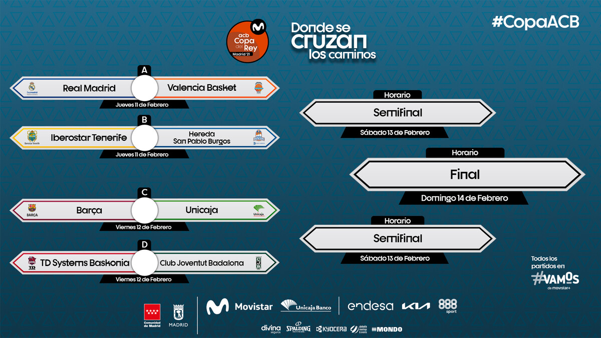 La Copa del Rey 2021 ya tiene emparejamientos tras el sorteo celebrado esta mañana en el WiZink center de Madrid, que acogerá la sede de una Copa sin público, pero con mucho nivel deportivo en una temporada atípica.
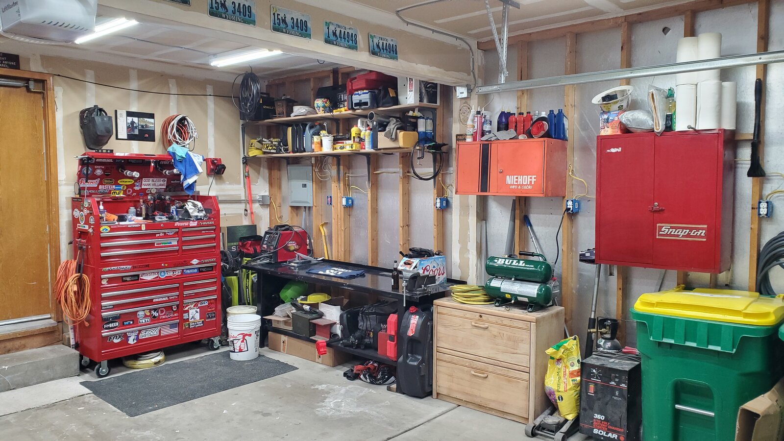 They're beat to hell but they still serve their purpose. I have all my smaller and consumable items stuffed in there for now. My last garage was a single car and I learned that to keep any usable space, you have to get everything off the floor and either on a shelf or in a cabinet.
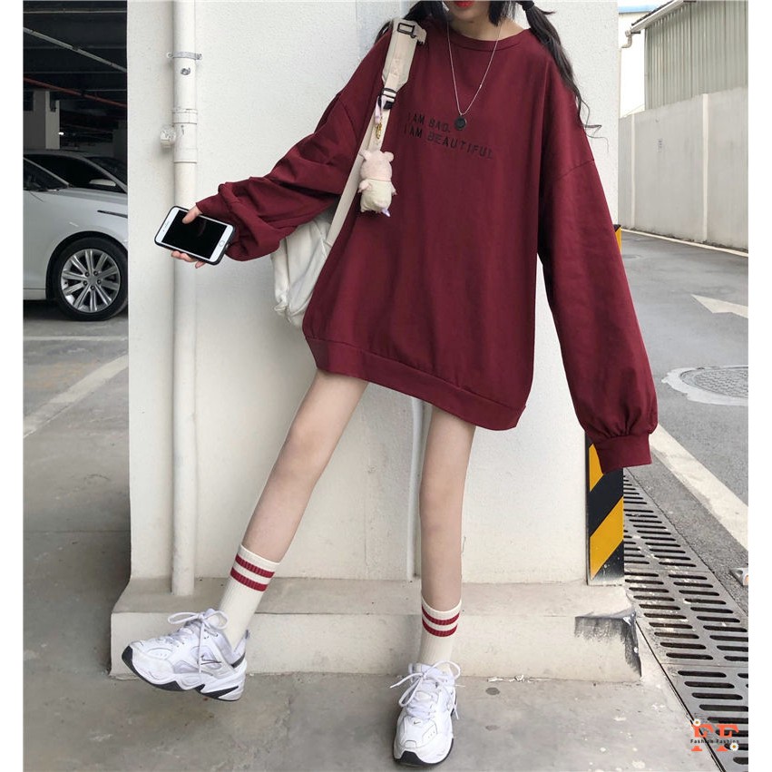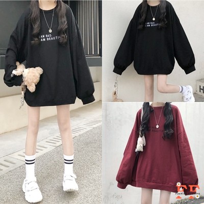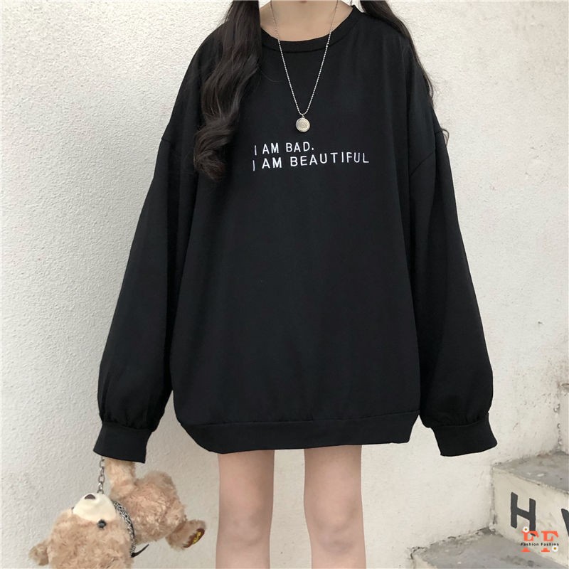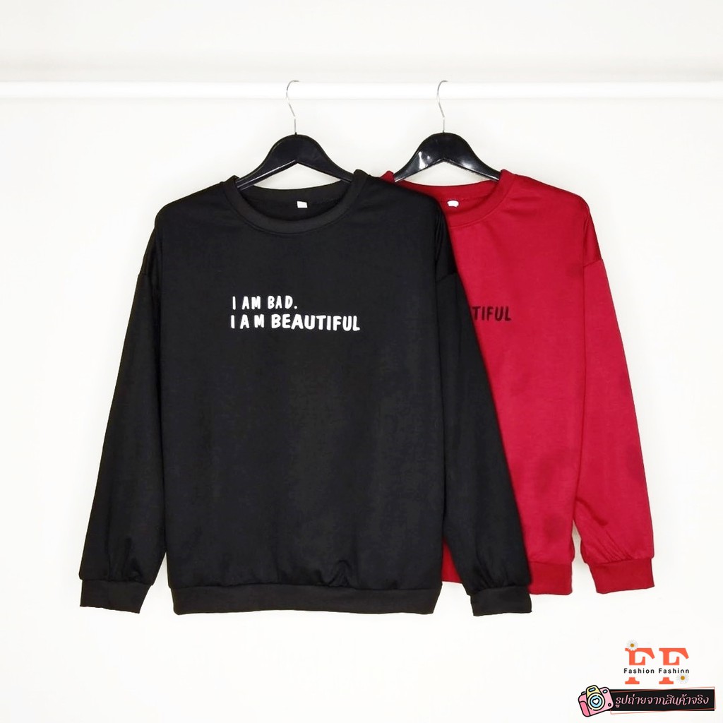 สต็อกไทย❌FF เสื้อแแขนยาว ผ้าคอตตอน จั๊มทรงโอเวอร์ไซส์ สีพื้น สกรีนลาย I AM BAD ใส่เป็นเดรสได้ เสื้อผ้าแฟชั่น

_Problem details_
Each line from the one containing "They're beat to" through the last line of the listing is to be given again exactly, with no pictures and no other lines.

_Result of this task_
 They're beat to hell but they still serve their purpose. I have all my smaller and consumable items stuffed in there for now. My last garage was a single car and I learned that to keep any usable space, you have to get everything off the floor and either on a shelf or in a cabinet.
 สต็อกไทย❌FF เสื้อแแขนยาว ผ้าคอตตอน จั๊มทรงโอเวอร์ไซส์ สีพื้น สกรีนลาย I AM BAD ใส่เป็นเดรสได้ เสื้อผ้าแฟชั่น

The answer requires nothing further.